Owned by husband and wife Franco Bianco and Gabriella Burlotto, the lush Castello di Verduno estate (which includes a hotel, restaurant and agriturismo) produces an impressive range of some of Piedmont’s best-known wines. Famed for their Barolo and Barbaresco, the family possesses some of the region’s best growing sites, with holdings in some of its top crus.
More accessible than Barolo or Barbaresco, the fresh and fragrant Barbera d’Alba and Dolcetto d’Alba represent two of the most consumed wines in Piedmont. Gifted enologist Mario Andrion produces clean, expressive wines with a definite nod toward the traditional.
Lesser-known to American consumers is the rare Pelaverga, a variety indigenous to the area around Verduno near Alba. This year, in addition to the popular spicy red Basadone, Vino has added Bellis Perennis to its selection, made from 100% Pelaverga vinified white!
Pelaverga Bellis Perennis NV
was $25, now $20
Lovers of Castello di Verduno’s seductive Pelaverga Basadone may be curious to try Bellis Perennis: made from 100% Pelaverga Piccolo the wine is vinified white yet no less romantic. A delicate fermentation process results in a delightfully fresh wine, ideally enjoyed as a summer aperitivo. “Bellis Perennis” is the botanical name for the daisy depicted on the wine’s label.
Verduno Pelaverga Basadone 2007
was $25, now $20
The tiny Verduno or Verduno Pelaverga appellation is perhaps Italy’s smallest: the wine is made from the rare Pelaverga grape exclusively in the hamlet of Verduno. Spicy and aromatic, locals believe that this excellent food-pairing wine possesses aphrodisiacal properties, hence the name Basadone or baciadonne in Italian, the “lady kisser.”
Dolcetto d’Alba Campot 2008
was $24, now $19.20
Named after the Dolcetto vineyard in Barbaresco, Campot is a dialectal term referring to the site’s beneficial position high on the hilltop, where sunlight and excellent drainage allow for a richly colorful and velvety wine.
Barbera d’Alba 2007
was $28, now $22.40
Aged in oak for just three months, Castello di Verduno’s Barbera d’Alba is young and fruity yet still carries all the hallmarks of this famous piemontese variety. A mild winter in 2007 led to early bud break and faster ripening, which meant the grapes were picked a week earlier than usual, resulting in a more fragrant, elegant wine.
was $52, now $41.60
Castello di Verduno’s classic Barbaresco is blended from two of the zone’s most famous and coveted vineyards, Rabaja and Faset, both known for their longevity and their distinct earthiness.
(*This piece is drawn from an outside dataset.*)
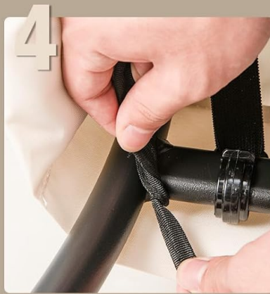
4 Attacher les sangles

Low-yields and minimalist intervention in the cellar create a traditional-style Barbaresco with impressive aging potential and classic tar and rose petal flavors.
Barbaresco Rabaja 2003
was $65, now $52
Rabaja is one of the classic crus of the commune of Barbaresco. The Bianco family have owned land there for generations and made elegantly-structured and aromatic wines alongside such luminaries as Alfredo Currado, Aldo Vacca and Bruno Rocca. When Franco Bianco married Gabriella Burlotto and folded his family’s holdings into the Castello di Verduno estate he added two magnificent vineyards, Rabaja and Faset, to a collection that held the two important Barolo vineyards, Massara and Monvigliero.
Barolo Massara 2003
was $75, now $60
Castello di Verduno’s Barolo Massara is sourced from one of the great “crus” or vineyards of Barolo, Massara. Locals call the site “a sorì d’la matin”, meaning an ideal site that benefits from sunlight in the morning. As a result of the eastern exposure, the grapes sourced from this historic vineyard cool off during the afternoon and can ripen properly even in overly hot summers.